GSEA需要一个值为log2FC，names属性为gene id的向量，而且log2FC为降序排列。

# 4. GSEA ----
f <- file.path('_.xls')
gene_diff <- readr::read_tsv(f)
gene_diff

## choose organism ----
Organism <- 'Mouse' # 'Human' or 'Mouse'
ifelse(Organism == 'Human', library(org.Hs.eg.db), library(org.Mm.eg.db))

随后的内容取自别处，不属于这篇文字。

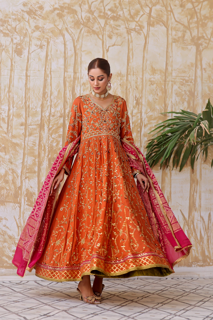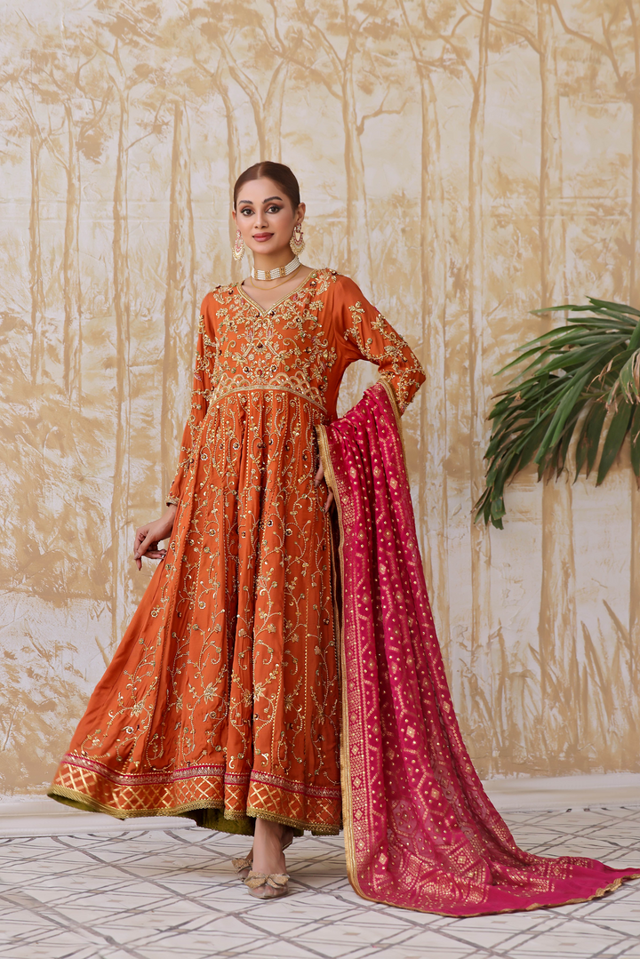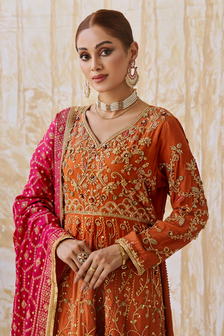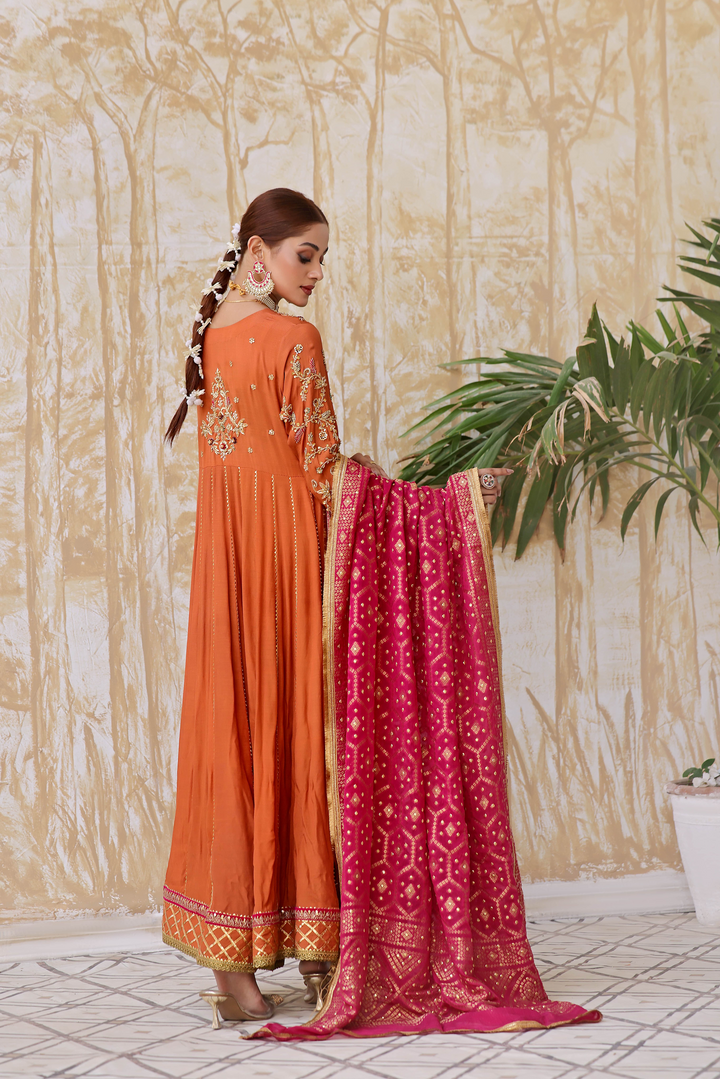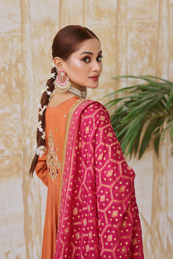 Perfect for ladies who love the elegance of orange, this majestic peshwas is the perfect choice for any wedding celebration. It  is styled with an intricate hand embroidery floral pattern scattered all over bodice and front panels which adds to its timeless charm. To complete the look a motif is given at the back of the bodice. It’s matched perfectly with a gorgeous chiffon hot pink and gold dupatta with heavy chan which boasts a meticulous design with banarsi geometric design.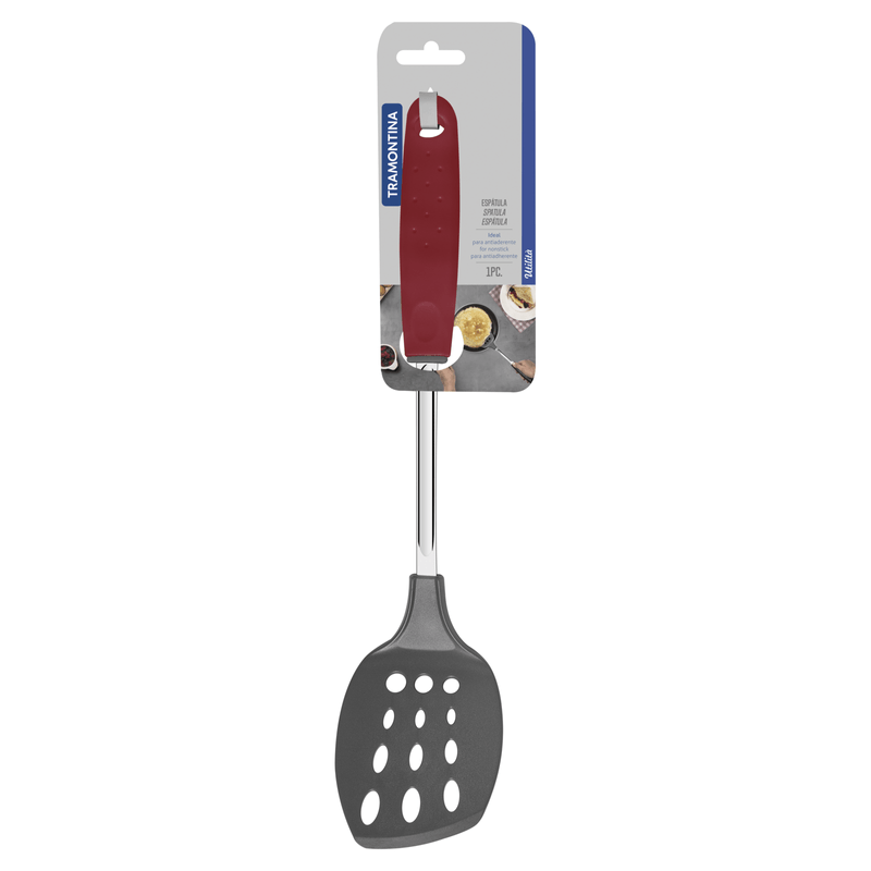 Cocinar es una pasión. La Espátula Tramontina Utilitá en Nylon con Mango de Polipropileno Rojo combina mucho con esto. El utensilio de nylon con resistencia de hasta 180 grados, alma de acero inoxidable y mango de polipropileno forma parte de la línea Utilita y es un gran aliado para los que quieren facilidad sin renunciar a la calidad y la belleza. Es ideal para el uso en ollas con revestimiento antiadherente y cerámico. Su cocina merece ese cariño.

## select columns for GSEA ----
gene_gsea <- gene_diff |>
  dplyr::select(gene_id, gene_symbol, log2FC) |> 
  dplyr::arrange(desc(log2FC))

gene_list <- gene_gsea$log2FC
names(gene_list) <- gene_gsea$gene_id

## GSEA KEGG ----
res_KEGG <- gseKEGG(
  gene_list,
  organism = ifelse(Organism == 'Human', 'hsa', 'mmu'),
  pvalueCutoff = 0.05,
  pAdjustMethod = "BH"
)

GSEA_result <- subset(res_KEGG@result, pvalue < 0.05)
View(GSEA_result)
# readr::write_csv(GSEA_result, file = '_.csv')

## ridge plot ----
ridgeplot(
  res_KEGG,
  showCategory = 20,
  fill = "p.adjust",
  #填充色 "pvalue", "p.adjust", "qvalue"
  core_enrichment = TRUE,
  #是否只使用 core_enriched gene
  label_format = 30,
  orderBy = "NES",
  decreasing = FALSE
) +
  theme(axis.text.y = element_text(size = 8))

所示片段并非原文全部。